【どんなクルマが、どこで売れている?】世界の市場 カテゴリー別新車販売実績 2020年はどんな年に?

2020.05.30

グループ販売台数:世界最大の自動車グループは?

フォルクスワーゲングループではすべてのブランドからさまざまな新型SUVモデルを投入することで、2019年の世界販売トップの座を維持することに成功している。

だが、トヨタとのし烈な首位争いに直面しており、過去20年に渡って育んできたハイブリッド技術がようやく市場に受入れられつつあることで、2019年、トヨタはトップ10社のなかで唯一となる販売増を記録している。

テスラの当たり年
テスラの当たり年

「最新のカローラとRAV4がこの販売増に貢献するとともに、ハイブリッドモデルも引き続き売り上げを伸ばしています」と、ムニョスは話す。

テスラの当たり年

2019年、テスラは世界EV市場で23%のシェアを獲得することに成功している。

米国市場が彼らの全販売台数の52%を占めており、それに続くのが欧州と中国だ。

「将来的にはより多くの電動SUVが登場するなかで、モデル3がその高い人気を維持できるかどうかに注目です」と、ムニョスは言う。

「モデル3はサルーンであり、サルーンはいまSUVに市場を侵食されているのです」

スポーツカー:911の強さは変わらず

常に新鮮さを失わないポルシェ911は8代目へとモデルチェンジしても、世界でもっとも売れているスポーツカーの地位を保つことに成功している。

確かに販売台数はわずかに減少したものの、これは991から992への世代交代が大きな理由だった。

ポルシェ911
ポルシェ911

第2位がシボレー・コルベットであり、同じくモデルチェンジの影響を受けることとなった。

新たなパフォーマンスモデルとなる2ドア(4ドアのグランクーペはこの数値には含まれない)の8シリーズがすぐに実績を上げたことは、BMWにとっては大きな喜びとなるだろう。

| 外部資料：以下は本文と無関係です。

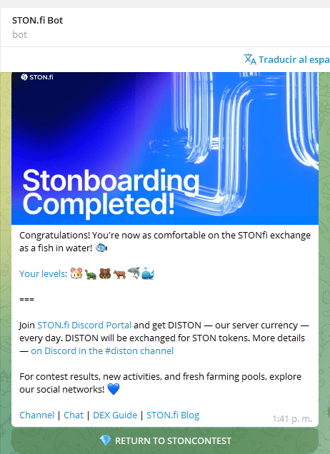 Es ist Zeit, auf Stonboarding zu klicken (wie gesagt, wenn Sie diesen Wettbewerb bereits zuvor abgeschlossen haben, wählen Sie einfach das Token aus der Liste aus, das Sie zuvor für die Aufgaben verwendet haben, und fahren Sie fort. Der Bot bestätigt automatisch, ob Sie die entsprechenden Aufgaben erledigt haben, und bringt Sie auf die nächste Ebene, die STONcomp entspricht.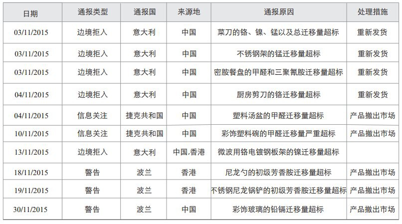 2015年11月歐盟食品及飼料快速預(yù)警系統(tǒng)(RASFF)共對華通報食品接觸材料類產(chǎn)品抽檢不合格案例10起。通報國成員有捷克共和國、意大利、 波蘭。其中,餐廚具仍然為主要被通報的產(chǎn)品類型。本月被通報的產(chǎn)品主要是甲醛、初級芳香胺、鉻、錳、鎳等的遷移量超標(biāo)。CTI建議相關(guān)生產(chǎn)企業(yè)引起重視, CTI華測可以為您提供食品接觸類材料成型品及原材料的檢測服務(wù)。
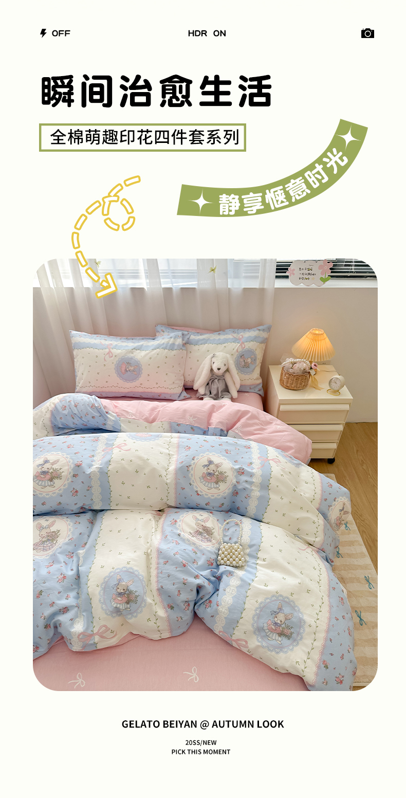 瑞莱 2024新款洛丽塔风全棉印花四件套 兔女仆

新型8シリーズが登場した結果、メルセデスAMG GTは第4位へと順位を落としている。

欧州市場:勝者と敗者

欧州市場ではテスラが最大の勝者であり、ポルシェやジャガー、アルファ・ロメオを上回るとともに、スマートに肉薄しており、この躍進のカギがモデル3の投入だった。

大衆車ブランドのダチアも、すでにモデル末期の小型車2台と新型ダスターという限られたラインナップしか持たないにもかかわらず検討している。

スペインとフランスではサンデロが最大の売れ筋モデルとなった一方、ダスターはイタリアでSUVのベストセラーの座を獲得している。

旧態全としたSUVラインナップによって、最大の負け組となったのが日産であり、より新しいライバルたちにシェアを奪われる形となった。

ジュークのモデルチェンジはもっと早く行われるべきだったのであり、キャシュカイも新たな厳しい戦いに直面している。